Life at the top a big challenge

Bob GarnantCountryman

Competing in the big leagues on the US world rodeo circuit is a dream for many of WA’s chap-wearing cowboys and girls.

After all, most sports stars have it high on their wish list to turn the activity they dearly love into a full-time career.

But does going full-time in rodeo really offer such an attractive lifestyle, or are Australia’s young men and women being roped into a false belief that there is room for them to make a living by being at the top of the leader board?

US world champion saddle bronc rider Jesse Kruse, who visited WA recently, gave Countryman an insight into the Professional Rodeo Cowboys Association (PRCA).

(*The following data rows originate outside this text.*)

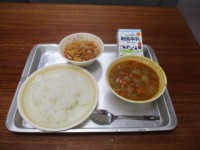 今日の給食のメニューは、ミニパン・あげパン、チリコンカン、うずらたまごいりやさい...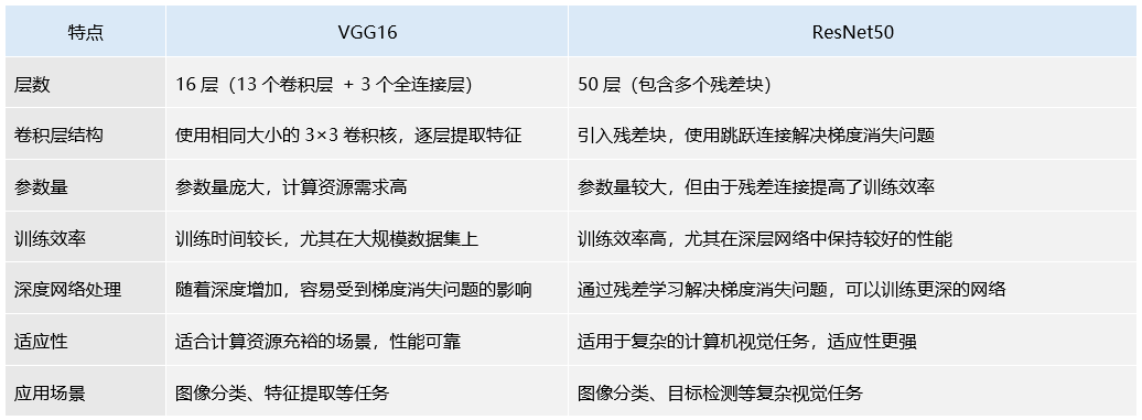 该表格对比了VGG16与ResNet50在网络层数、卷积层结构、参数量、训练效率、深度网络处理能力、适应性和应用场景等方面的主要差异,突出了ResNet50在处理深层网络时的优势,尤其在训练效率和梯度消失问题的解决上。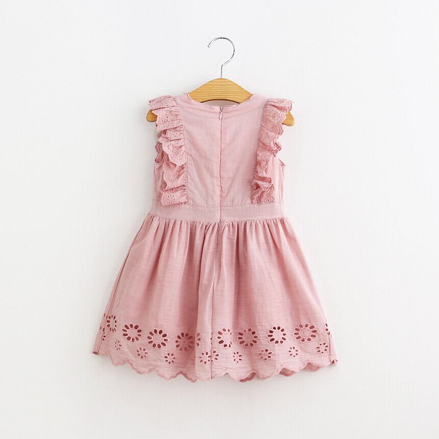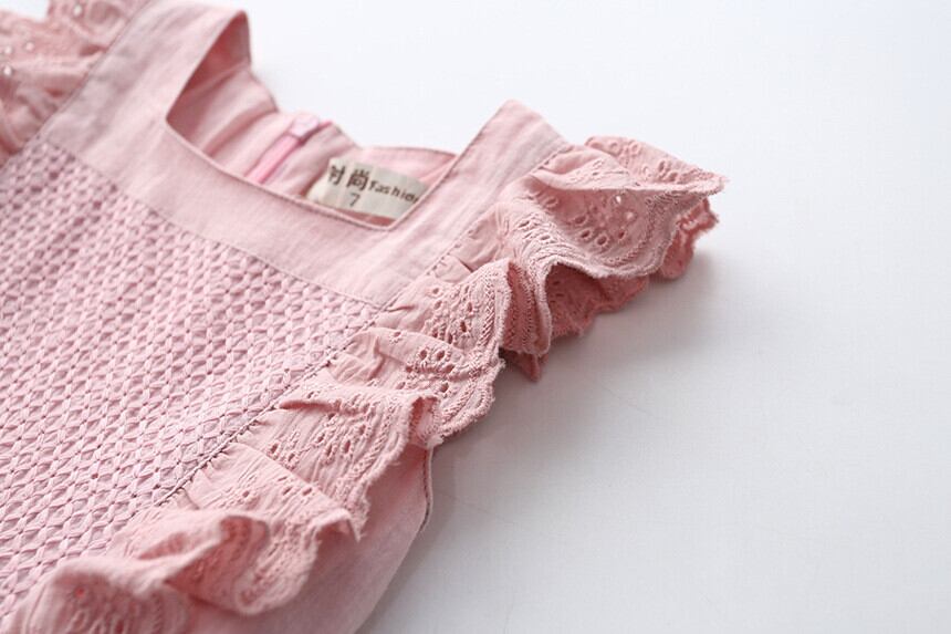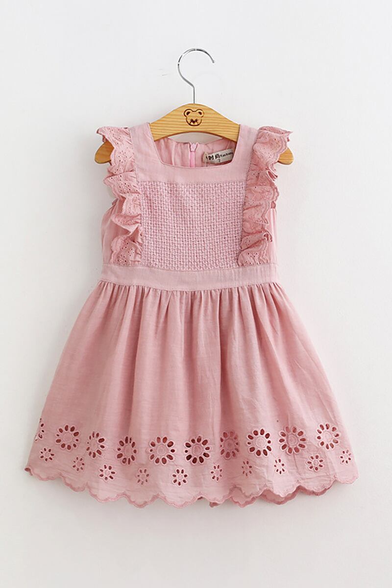 キッズ ワンピース レース ドレス 袖なし ノースリーブ 膝丈 ひざ丈 フレア スクエアネック 刺繍 レース かわいい おしゃれ お洒落 ラブリー キュート ガーリー ピンク くすみカラー 無地 フラワー 春 夏 着回し 普段使い 重ね着 韓国 韓国系 オルチャン お出かけ 休日

With a very long list of career highlights, Kruse, who stands only 5 foot 3 inches tall, would make the most highly decorated all-round cowboys stand up and take notice.

Born in Great Falls, Montana, the 24-year-old has PRCA four-year career earnings of $US417,000.

“Although I have realised my all-inspiring rodeo goal to become a world champion, most of my financial rewards are spent on travelling to and from rodeos all over the US, ” Kruse said.

Kruse admits winning the 2009 world champion saddle bronc title was the ultimate prize, but he said more so rodeo had given him a very enjoyable lifestyle of comradeship and adventure along the way that was unmatched in many other careers.

“I may have never made it to Australia otherwise, ” he said.

Kruse and his fellow countryman, Shane Moran, gave a bronc riding clinic while on their WA visit.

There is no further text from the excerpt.